Come iniziare a scrivere un post

Se un blogger inizia bene il processo di scrittura dei suoi articoli, il lavoro di gestione del blog sarà più semplice. Oggi voglio parlare a fondo di ciò che sta dietro le quinte della produzione di contenuti del blog, tutte quelle operazioni che un blogger deve compiere prima di scrivere un post.

Idee

Molti blogger sono a corto di idee, si chiedono come trovarle, quali sistemi usare. È vero che ci sono degli strumenti online che consentono di trovare queste idee, offrendo al blogger una panoramica delle ricerche effettuate dagli utenti. Basti pensare a Google Trends, Google Suggestion e anche Google Alert, che mostra gli ultimi articoli pubblicati su uno specifico tema.

Ho usato poco Google Alert. Leggo le ultime novità che mi arrivano via email, ma per Penna blu non ho mai trovato alcuna idea. Ho provato una volta gli altri due strumenti, ma non li ho trovati adatti, non mi hanno fornito idee da scrivere.

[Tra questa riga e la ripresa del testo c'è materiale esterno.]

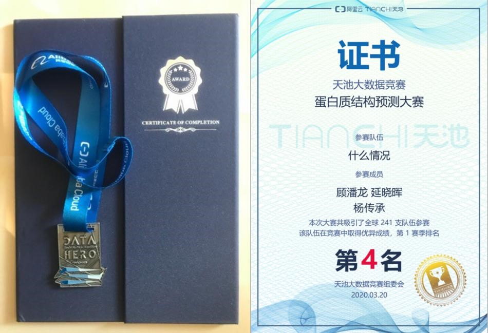 此次天池大数据竞赛蛋白质结构预测大赛共有来自全球的241支参赛队伍,由顾潘龙同学、延晓辉同学组成的“什么情况”参赛队伍,在此次竞赛中取得了优异的成绩——第1赛季排名第4,获得了由天池大数据竞赛组委会颁发的获奖证书及奖牌。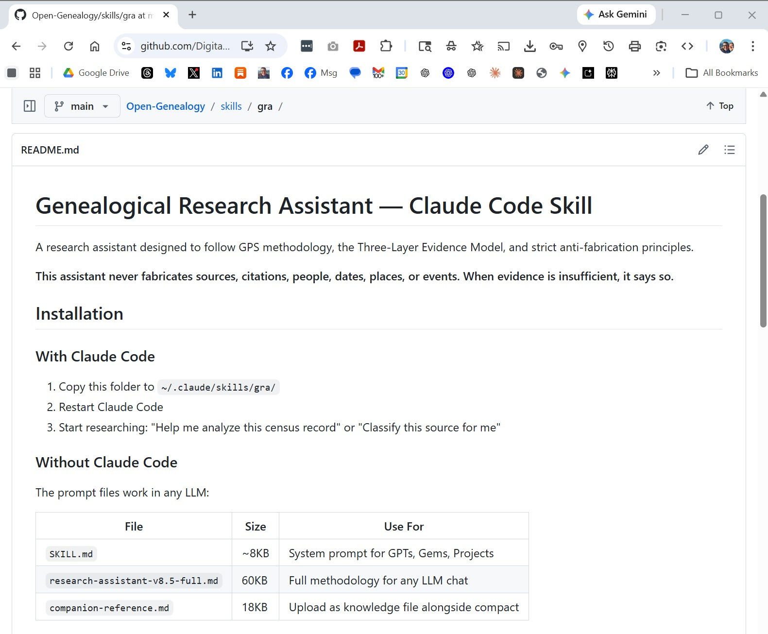 Install the GRA as a skill and it loads automatically whenever Claude detects a genealogical research question: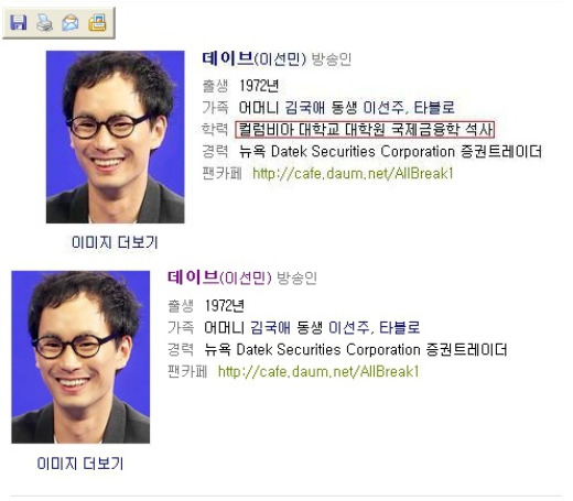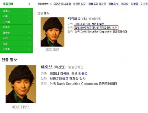 이에 반해 네이트는 여전히 데이브의 학력을 '컬럼비아대학원 국제금융학 석사'로 적고 있다.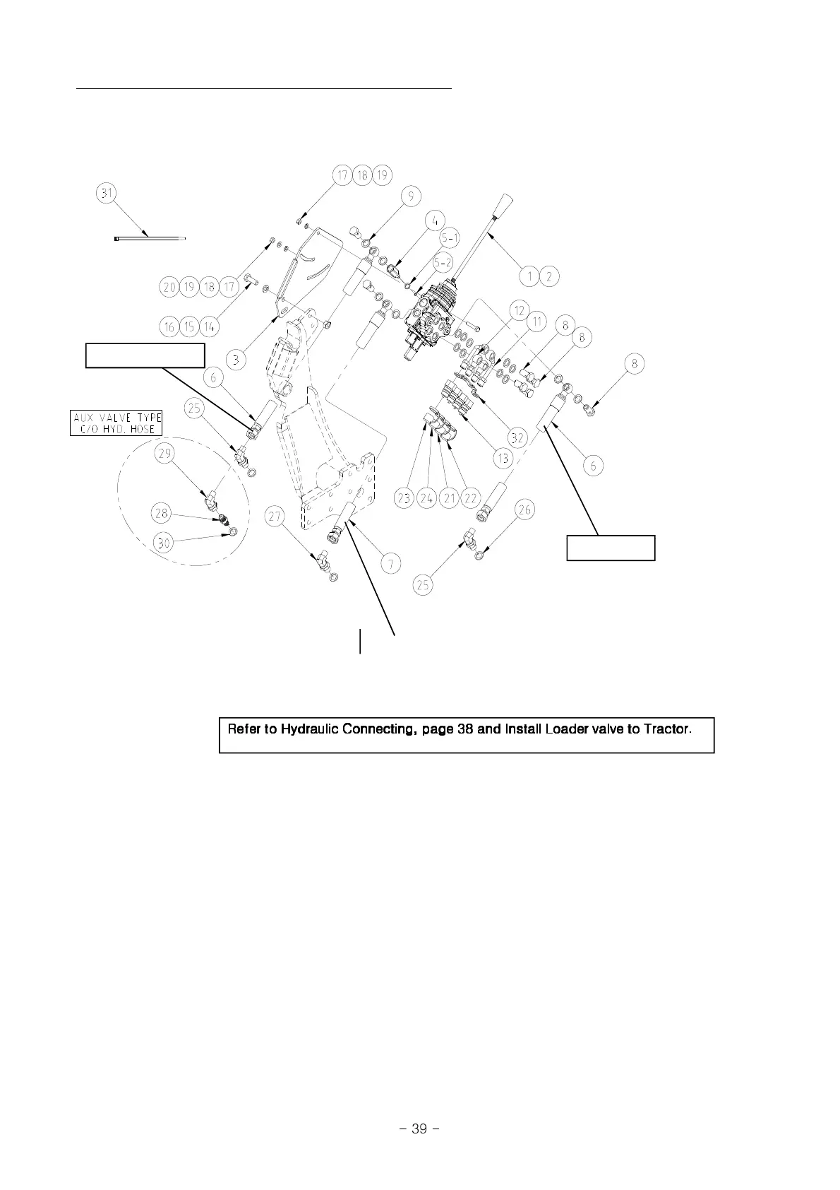 38 and Install Loader valve to Tractor.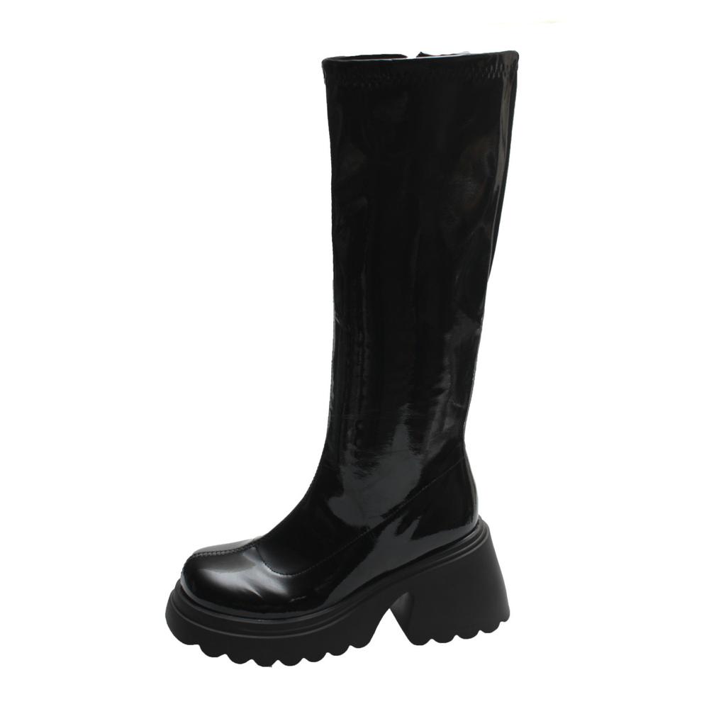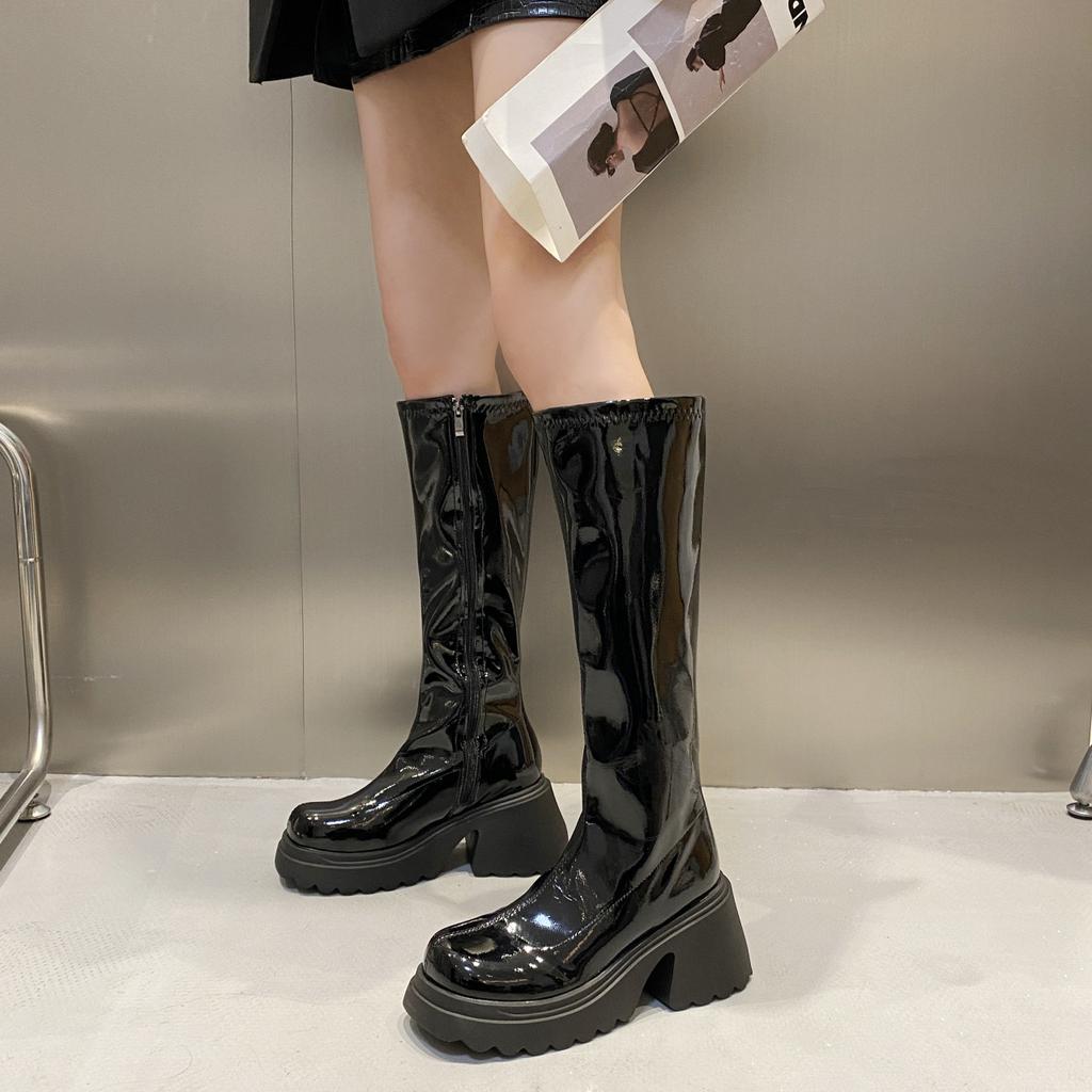 Черные ботинки женские осенние на толстой подошве эластичные ботинки водонепроницаемые настольные высокие ботинки лакированные ботинки на высоком каблуке толстый каблук тонкие ботинки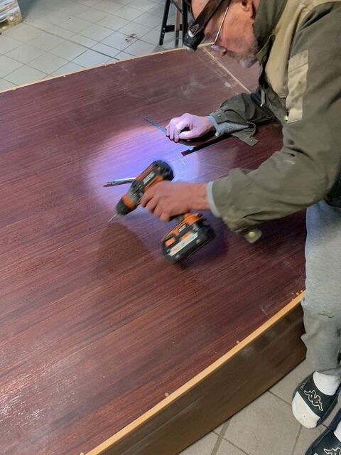 Ce travail a été accompli par Anne Blanes, charpentière de Marine, François Lecorre, Jean-Claude Le Chevallier, Hubert Carré et Jean-Daniel Aye. Nous sommes maintenant au niveau des finitions, ce qui n’est pas le moins prenant.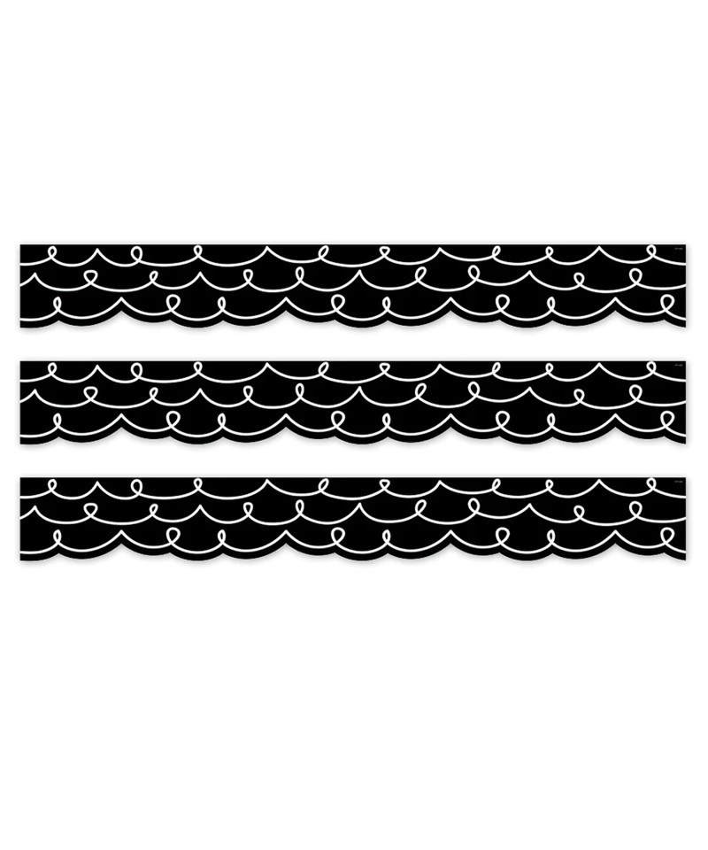 So simple but so stylish, this die-cut Loop-de-Loop on Black EZ Border features white looping lines on a black background. For a basic look, use this border alone to trim a bulletin board. To create a more sophisticated look, layer it with another colored or patterned border to give any bulletin board a unique look. Perfect for use on bulletin boards in a wide variety of classroom, office, and school settings. These EZ borders come in smaller strips, which are easier to manage and store. Each package comes with enough borders to complete 2 full bulletin board. Strips measure 3" x 24". Each pack includes 24 strips for a total of 48 feet. Sold as 3 packs for a total of 72 strips (144 feet).

È importante che un blogger riesca a trovare il suo giusto metodo di ricerca, quello che davvero gli consente di trovare in breve tempo idee da scrivere. Io l’ho trovato e più volte ne ho parlato nel blog. Ribadirò in breve come trovo le idee per scrivere post, elencate per ordine di importanza ed efficacia.

Come trovo le mie idee

  1. Conoscenza e passione per la materia: contano molto. Me ne sono accorto col passare del tempo. Per conoscenza non intendo tutto ciò che proviene dalla mia diretta esperienza, ma anche tutto ciò che non so, che vorrei sapere, su cui rifletto. E la passione ti porta a trovare idee dove altri non le vedono, ti fa vedere i tuoi articoli come fonti di altre idee.
  2. Commenti dei lettori: ho avuto molti spunti per post dai commenti dei lettori. C’è chi riesce a commentare come si deve, creando una vera discussione sull’argomento che ho trattato e da quella discussione io ho avuto modo di scrivere alcuni articoli.
  3. Ricerche degli utenti sui motori: leggendo le statistiche posso vedere come sono approdati nel mio blog gli utenti, cercando temi che io non ho ancora trattato, temi che in parte ho poi coperto con post specifici.
  4. Richieste dirette: sono arrivate da qualche commento, via email o per l’iniziativa Dimmi cosa scrivere nel blog.
  5. Ricerche degli utenti sul blog: qualcuno ha cercato degli argomenti nel mio blog, ma non li ha trovati. Ecco un altro spunto per scrivere articoli.
  6. Discussioni con amici e conoscenti: in un paio di casi parlando di qualche tema che tratto ho trovato idee su cui scrivere.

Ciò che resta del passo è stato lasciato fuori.